Could you please review and merge this PR?
This issue has been automatically marked as stale because it has not had recent activity. If you think this still needs to be addressed please comment on this thread.
Please note that issues that do not follow the contributing guidelines are likely to be ignored.
Hello @sanchit-gandhi Sorry for late response I added test codes for output_scores feature of Flax that you asked me. But the PR is closed automatically by github-actions. My latest commit that included some tests is: https://github.com/hannan72/transformers/commit/0416becf86c65a3f32e72314715b79f5f84f52ce
Could you please re-open the PR to run new tests?
Re-opened and running the tests! Thanks @hannan72! Let me know when this is ready for a re-review
Thank you @sanchit-gandhi for re-opening this PR. I've add some tests based on what you asked me for. Could you please review my latest commit (https://github.com/huggingface/transformers/pull/22700/commits/0416becf86c65a3f32e72314715b79f5f84f52ce)?
@sanchit-gandhi Have you reviewed my added test codes?
Hey @hannan72 - yes I did! Please see the comment I left a couple of weeks ago: https://github.com/huggingface/transformers/pull/22700#discussion_r1316165469
Let me know if you need any help here @hannan72! More than happy to assist with the integration and think you're pretty close to finishing!

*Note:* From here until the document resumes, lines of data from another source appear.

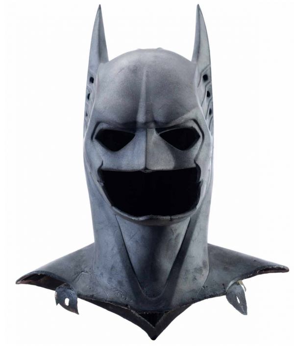 La combinaison sonar de Batman (Val Kilmer) Batcowl de la suite de super-héros de Joel Schumacher, Batman Forever. Batman portait son capot récemment repensé et modifié par une combinaison de sonar lorsque lui et Robin (Chris O’Donnell) se sont lancés dans leur combat final avec The Riddler (Jim Carrey) et Two-Face (Tommy Lee Jones). Ce capuchon en caoutchouc mousse a une paire de saillies en forme d’oreille en haut et des trous pour les yeux et la bouche. Il comporte trois pièces de Velcro® et une paire de pièces en tissu à l’intérieur de la section du col, pour l’attacher à la combinaison. Le capuchon présente quelques signes d’usure, notamment des résidus blancs à l’intérieur et à l’extérieur, une paire de petits trous – d’un côté de l’encolure et de l’arrière de la tête – et une légère fissure sur la section du menton du trou de la bouche.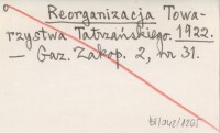 Reorganizacja Towarzystwa Tatrzańskiego. 1922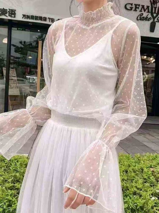 270件春装新款蕾丝波点网纱打底衫女内搭超仙喇叭袖纱衣半高领上衣,水溶蕾...
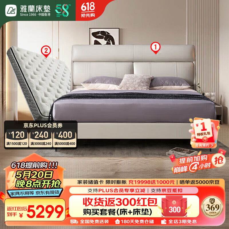 雅兰(AIRLAND)简约风皮床双人皮艺床 套餐 伯明翰+卓跃总统版 1.5*2米价格:6599.00元!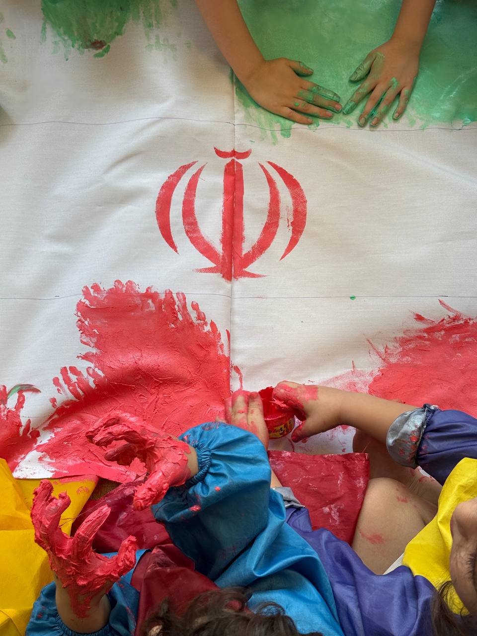 بچهها این بار نه با قلممو، بلکه با دستهای کوچولوشون، با عشق و ذوق، پرچم قشنگ کشورمون ایران رو رنگآمیزی کردن.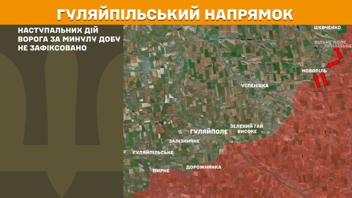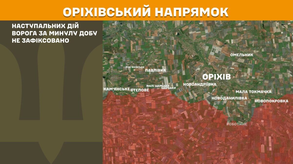 На Гуляйпольском, Ореховском и Приднепровском направлениях наступательных действий врага за прошедшие сутки не зафиксировано.
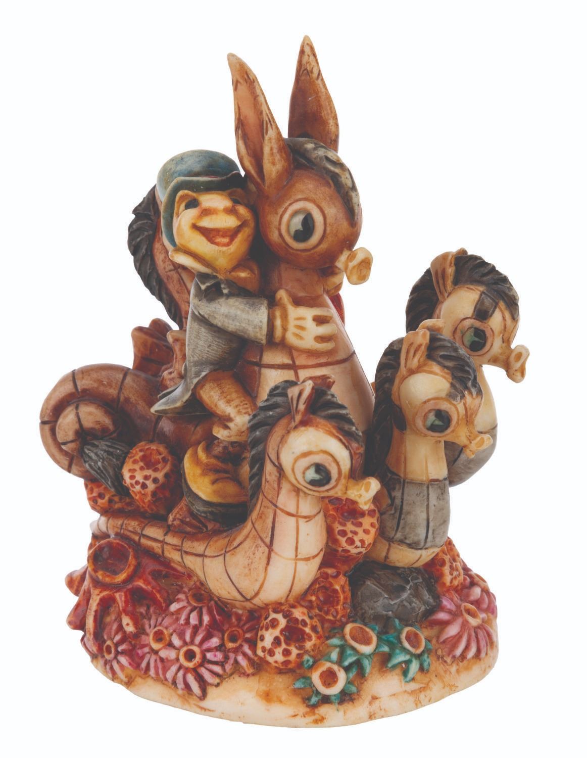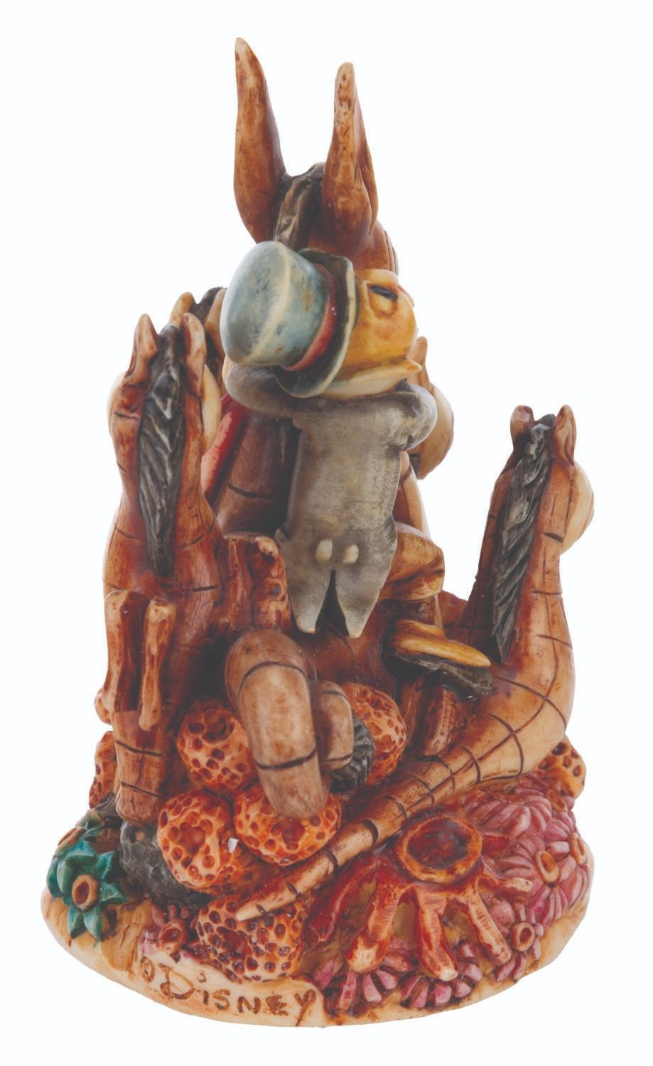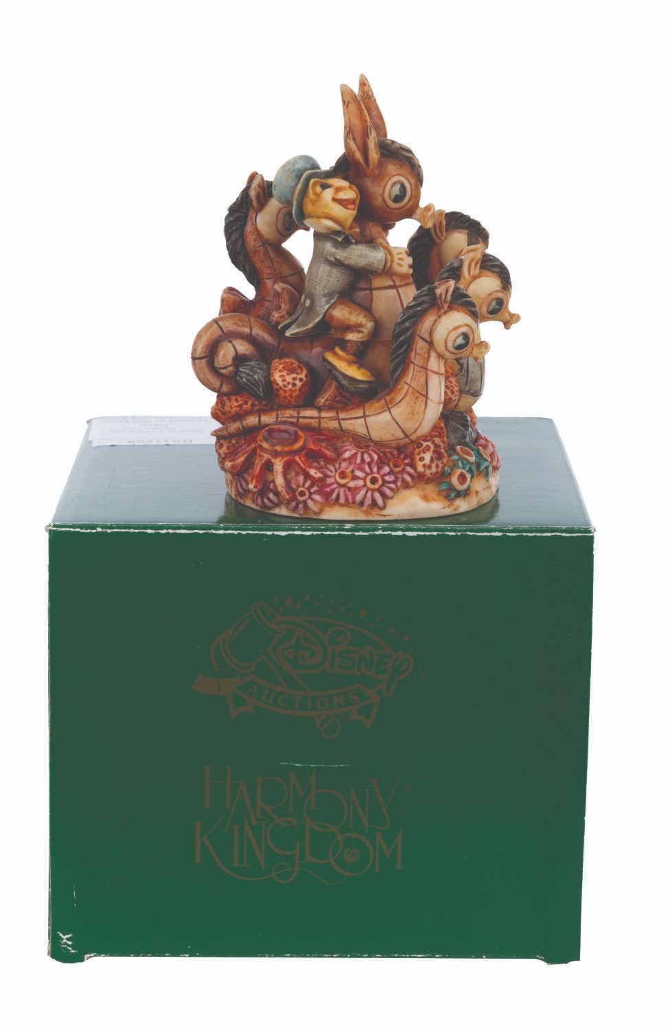 (Harmony Kingdom, 2004) A trinket box figurine titled "Jiminy Cricket and Seahorses" released in a limited edition of 500 by Disney Auctions. Jiminy himself is the “lid” of the figural box, with a starfish hidden inside. Standing 4.25” tall and 3.5” in diameter, the box is in fine condition.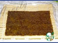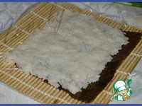 Хочу еще показать вариант типа "рассыпанных роллов", это если крутить их не получается. Разрезаем лист нори на четыре части, в небольшой формочке на лист нори кладем немного риса. |

Let me know if you need any help here @hannan72! More than happy to assist with the integration and think you're pretty close to finishing!
@sanchit-gandhi many thanks for your reviews of the PR of @hannan72! We would need your help in finalizing the PR. As you mentioned in your comment that the HF team already tested that the ids do not change, I think it would be much easier if you extend the existing test case to show that also the scores are correct.
Quote: @sanchit-gandhi "At the moment, we've tested that output_scores=True doesn't change the ids, but not that the scores are correct"
We would appreciate your help a lot here to get this PR over the finish line since you know your test code much better than we do and for you it would be much faster. Do you think you can ask someone of your team to help to get the PR finalized and merged?
Cool to see that you're interested in this PR @teddius! I sadly won't have the bandwidth to work on this PR directly, but am more than happy to continue with PR reviews and answering any questions/queries. If @hannan72 is able to, it seems fitting that he gets the opportunity to finish the PR that he started! Otherwise, we can open this one up to the community and see if anyone is able to help here.
@sanchit-gandhi understand, many thanks for your fast reply. @hannan72 will be busy on other tasks so please feel free to open up the task for the community, so we can get some help in finishing the last test case. Many thanks for your support along the way!
Cool, sounds good @teddius! See https://github.com/huggingface/transformers/issues/22612#issuecomment-1753324050 for the community contribution request.